## PROBLEM TO SOLVE
Only an exact copy of the lines from the one containing "Ruffle Strap Chiffon" through the last line of the material below belongs in the answer, with no pictures.

----- DATA FOR PROCESSING

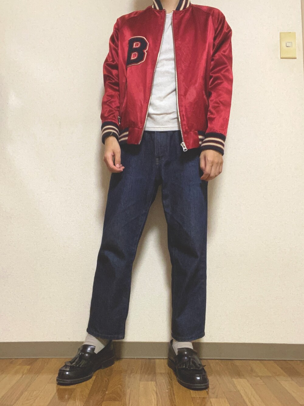 UNIQLO¥4,389HOLLYWOOD RANCH MARKETMOUSSYHARUTA¥14,300UNIQLOこの画像から似たアイテムを検索できます22838お気に入り (5)380KuriさんへのコメントNO COMMENTコメントはスマートフォン用アプリからご利用できます着用アイテム¥4,389UNIQLOUNIQLOデニムパンツ (ブルー系)デニムパンツサイズ:28着用コーデ:318件探すZOZOTOWNで探すHOLLYWOOD RANCH MARKETHOLLYWOOD RANCH MARKETTシャツ/カットソー (ホワイト系)Tシャツ/カットソー探すZOZOTOWNで探すMOUSSYMOUSSYジャケット/アウター (レッド系)ジャケット/アウター探すZOZOTOWNで探す¥14,300HARUTAHARUTAローファー (ブラック系)ローファーサイズ:25.0cm着用コーデ:117件商品を見るZOZOTOWNで購入するUNIQLOUNIQLOソックス/靴下 (ベージュ系)ソックス/靴下探すZOZOTOWNで探すKuriのデニムパンツ「レギュラーフィットテーパードジーンズ(丈標準73~76cm)」を使ったコーディネートコメントを表示2020.10.15着用ブランドUNIQLOHOLLYWOOD RANCH MARKETMOUSSYHARUTAタグ#秋コーデ#低身長#スカジャン#レッド#デニム#ローファー#moussy#HOLLYWOOD RANCH MARKET#ユニクロ#HARUTAモデル情報男性・161cmミディアムヘアー似ているアイテムUNIQLO × デニムパンツHOLLYWOOD RANCH MARKET × Tシャツ/カットソーMOUSSY × ジャケット/アウターHARUTA × ローファーUNIQLO × ソックス/靴下Kuri@rikuo1021 / 161cm / MEN / ミディアムヘアー0コーディネート0フォロワー注目のコーディネートアプリでもっと見るもっと見る
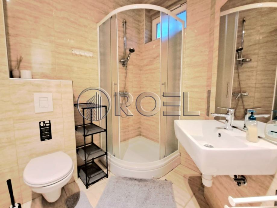 Prostran trosobni stan smješten na četvrtom katu kvalitetne zgrade s liftom u ulici Pod Zidom, NKP 90 m2. Odličnog je rasporeda. Sastoji se od predprostora, dnevnog boravka s balkonom kojeg krasi prekrasan pogled na grad, velike kuhinje i blagovaone, dvije spavaće sobe i dvije kupaonice s wc-om.Pun je prirodnog svjetla. Grijanje u stanu je etažno plinsko centralno. Pod u stanu je obložen parketom i keramikom. Ulazna vrata stana su protuprovalna sa šifrom. Stan je kompletno namješten i opremljen.
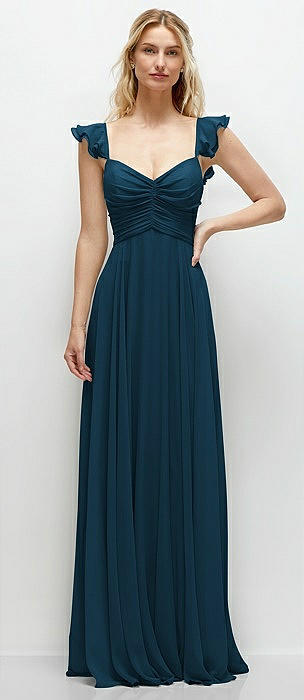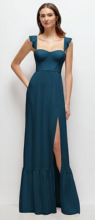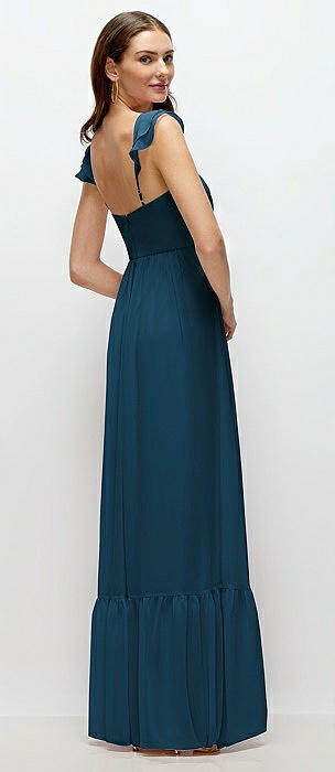 Ruffle Strap Chiffon Bustier Maxi Dress with Ruffle Hem A-Line Skirt in atlantic blue
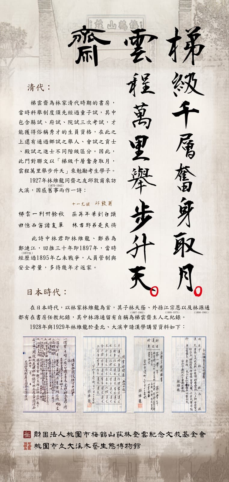 展出林家清代至日治時期的歷史,搭配書法對聯「梯級千層奮身取月,雲程萬里舉步升天」,展現林家人的志向與文采。
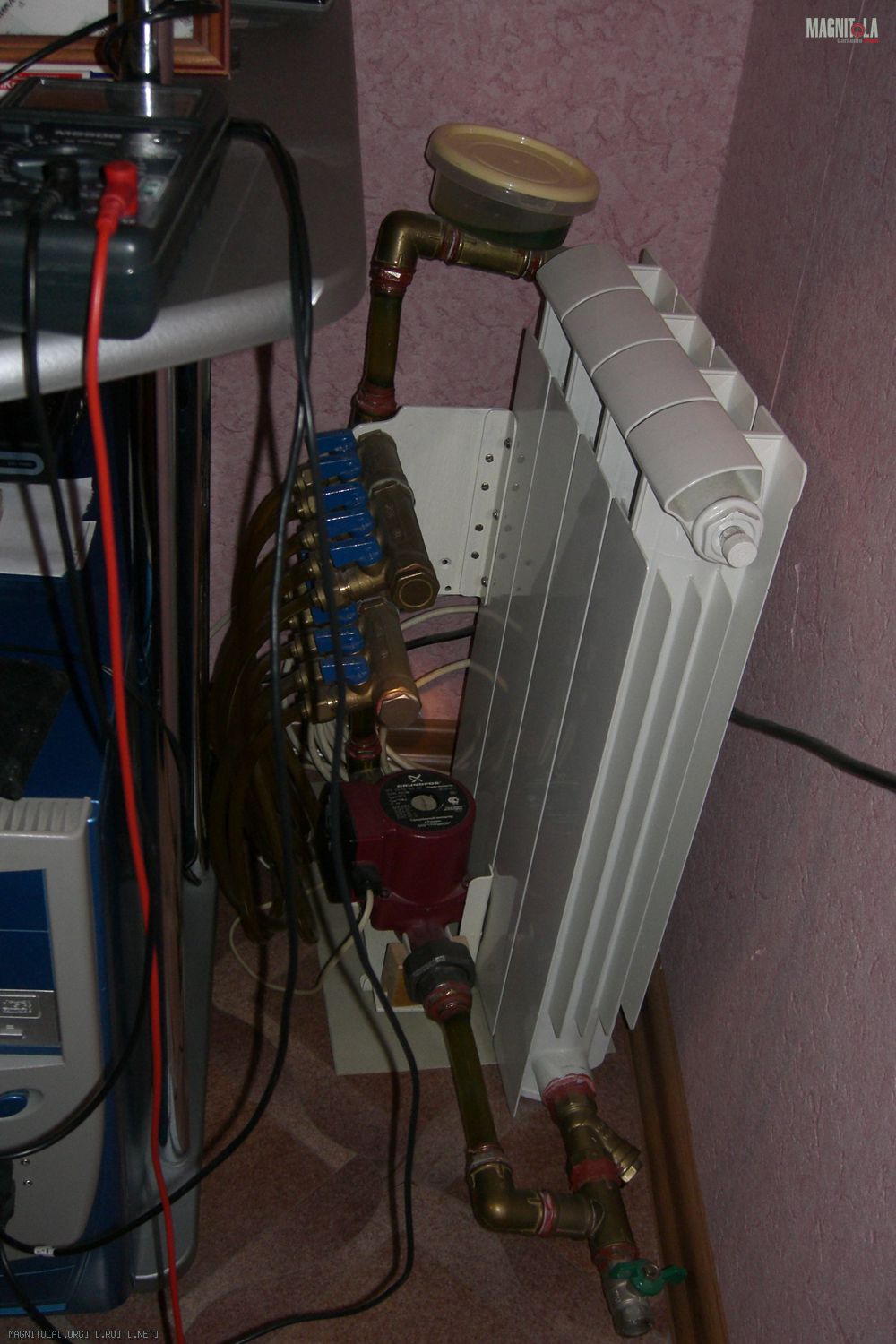 биметаллическая батарея, распределитель для теплых полов (каждая ветка на свой потребитель) и насос Grundfos, его не слышно, совсем.

----------

## RESPONSE TO THIS TASK
 Ruffle Strap Chiffon Bustier Maxi Dress with Ruffle Hem A-Line Skirt in atlantic blue
 展出林家清代至日治時期的歷史,搭配書法對聯「梯級千層奮身取月,雲程萬里舉步升天」,展現林家人的志向與文采。
 биметаллическая батарея, распределитель для теплых полов (каждая ветка на свой потребитель) и насос Grundfos, его не слышно, совсем.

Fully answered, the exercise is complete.